For more than 60 years, Whangamata resident Peter Kowalewicz knew nothing of his past - what his mother had gone through before ending up at a refugee camp in England where he lived for 11 years on dirt floors.
Then last month he received a phone call from Poland.
"Wujek, wujek, wujek!" cried the voice at the other end of the line. It was a woman repeating, "Uncle, uncle, uncle."
Tears welled up as missing pieces of his life came together.
"It meant more than a million dollars. I'm 65 this year, and all that time I thought there was nobody else. All of a sudden, here they are."
Mr Kowalewicz had written to the Red Cross asking if they could trace anything of his mother's life; a few months later, he was hearing from relatives he didn't know he had, learning more about his mother's extraordinary journey.
Maria Kowalewicz died in Waikato in 1995, aged 80, after eight years in New Zealand and more than 140 friends attended her funeral.
People knew her as a keen gardener and loving grandmother, but they had no idea of the turmoil of her earlier life.

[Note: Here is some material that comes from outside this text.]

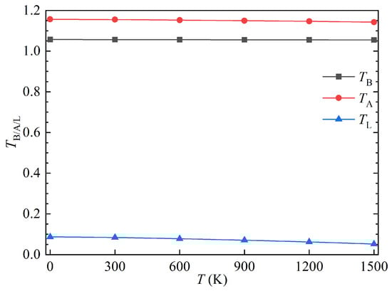 Jo et al. [36] proposed a comprehensive theory for the plastic deformation of FCC metals, demonstrating that the ratio () of to () for the trailing 1/6<112> dislocation serves as a primary parameter for characterizing the deformation behavior of FCC metals. The critical values of delineate four distinct classes of material deformation: stacking fault only (), stacking fault with full slip (), full slip with twinning (), and full slip only (). The predictions on the ratio of -TiAl at different temperatures are shown in Figure 5. It can be seen from the figure that the value of increases with rising temperature, but it remains within the range of 0 to 2 across temperatures from 0 to 1500 K. This indicates that ordinary dislocation slip and order twinning are both viable deformation modes in -TiAl over the entire temperature range. Based on absolute zero temperature and shown in Table 1, the is calculated as 1.011 [6], 1.343 [7], 1.341 [8], 1.008 [9], 1.279 [10], and 1.151 [16], respectively. Although the present result of 1.547 for the is relatively larger than these theoretical values, the values from the current and previous calculations are all located between 0 and 2. From the perspective of deformation mode prediction, therefore, our findings are qualitatively consistent with those of previous studies [6,7,8,9,10,16]. Furthermore, the deformation by order twinning and ordinary dislocations can exist in -TiAl-based alloys over a wide range of temperatures [5], which aligns well with our present results.

Born in Poland in 1915, she lost all her immediate family and never learned to read or write.
"She was a little thing, walking along the road with a sack on her back, pushed around farms all over the place," Mr Kowalewicz said.
When Germany invaded Poland in World War II, she was sent to forced labour camps in Austria.

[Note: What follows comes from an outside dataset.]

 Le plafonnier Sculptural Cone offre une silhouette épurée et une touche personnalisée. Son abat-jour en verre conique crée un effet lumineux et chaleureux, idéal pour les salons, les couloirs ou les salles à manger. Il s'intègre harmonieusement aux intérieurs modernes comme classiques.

She was abused and gave birth to three children, who were adopted out.
One child, Rosa, began looking for family 45 years ago. When she died, her daughter Danuta took up the search. Last year, she finally found someone through the Red Cross: Mr Kowalewicz.
Mr Kowalewicz was born in Italy, where his mother had fled and been put in a refugee camp.
His mother never talked about this part of her life. He was brought up in a camp for Polish refugees in England, where no one liked to revisit the past.
He arrived at the camp when he was three months old, living in barracks with dirt floors, where refugees cooked soup in tin bathtubs.
Mr Kowalewicz's first memory is of his mother making a remedy for fingernails he had bitten.
"When you're hungry, you bite your nails."
Mrs Kowalewicz married a fellow refugee, Jan Kowalewicz, at the camp in England but he too had been traumatised and repeatedly abused her.
The refugee camp was closed without warning after 11 years and its residents scattered and disappeared to live as recluses.
In 1988, Mr Kowalewicz moved to New Zealand and brought his mother with him.
"It was the first time in her life that she could relax ... When we came to New Zealand, she looked around and said, 'I'm not going anywhere else'," he said.
She was always kind and without a bad word to say about anyone despite her traumatic past, which no one could have guessed at.
When she died, Mr Kowalewicz regretted not having asked her more about her life.
But after his phone call with his newfound niece, Danuta, he feels the puzzle is coming together.
The Red Cross deals with almost a million people from separated families every year, and Andrew McKie from the New Zealand organisation said its searches for lost relatives involved a lot of detective work, tapping into local networks around the world.
The key to Mr Kowalewicz's search was a photo of his mother from World War II that was uncovered.
She had been given a German last name, and the birthday recorded on the back of the photo was a day off.
But other details matched and it was brought to Mr Kowalewicz's attention to identify. He recognised his mother immediately.
It was not long before he was put in touch with Danuta, and they hope to visit each other soon.